WORK TO COMPLETE -> Would you repeat the listing exactly but omit every picture?
DATA SHOWN: Begin
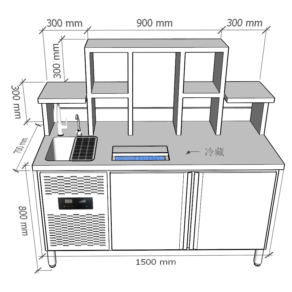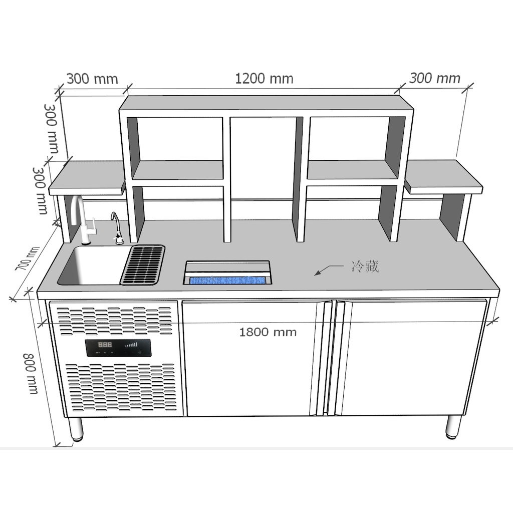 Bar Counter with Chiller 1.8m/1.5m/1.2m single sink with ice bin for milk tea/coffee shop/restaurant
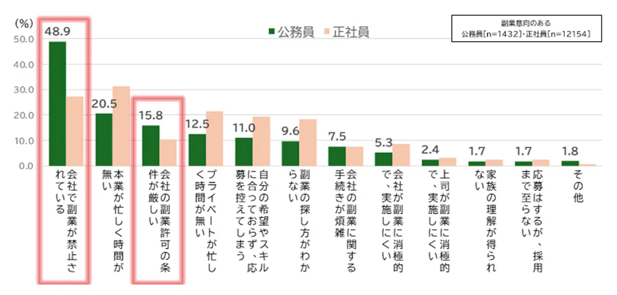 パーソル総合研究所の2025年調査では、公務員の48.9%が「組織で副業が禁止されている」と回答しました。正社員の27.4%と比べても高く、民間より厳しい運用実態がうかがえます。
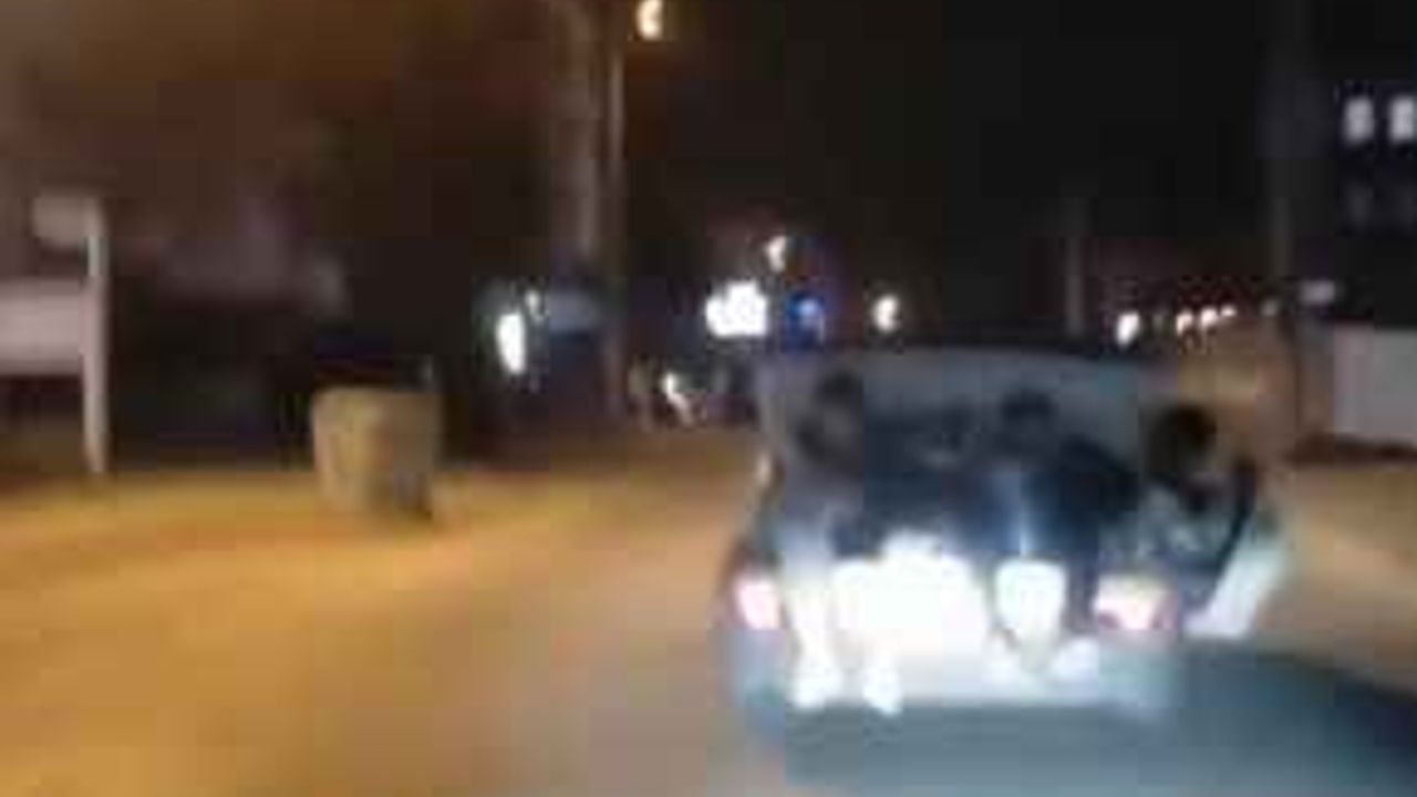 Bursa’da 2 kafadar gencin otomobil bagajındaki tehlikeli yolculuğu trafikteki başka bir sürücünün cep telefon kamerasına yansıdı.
DATA SHOWN: End
EXERCISE RESULT ->
 Bar Counter with Chiller 1.8m/1.5m/1.2m single sink with ice bin for milk tea/coffee shop/restaurant
 パーソル総合研究所の2025年調査では、公務員の48.9%が「組織で副業が禁止されている」と回答しました。正社員の27.4%と比べても高く、民間より厳しい運用実態がうかがえます。
 Bursa’da 2 kafadar gencin otomobil bagajındaki tehlikeli yolculuğu trafikteki başka bir sürücünün cep telefon kamerasına yansıdı.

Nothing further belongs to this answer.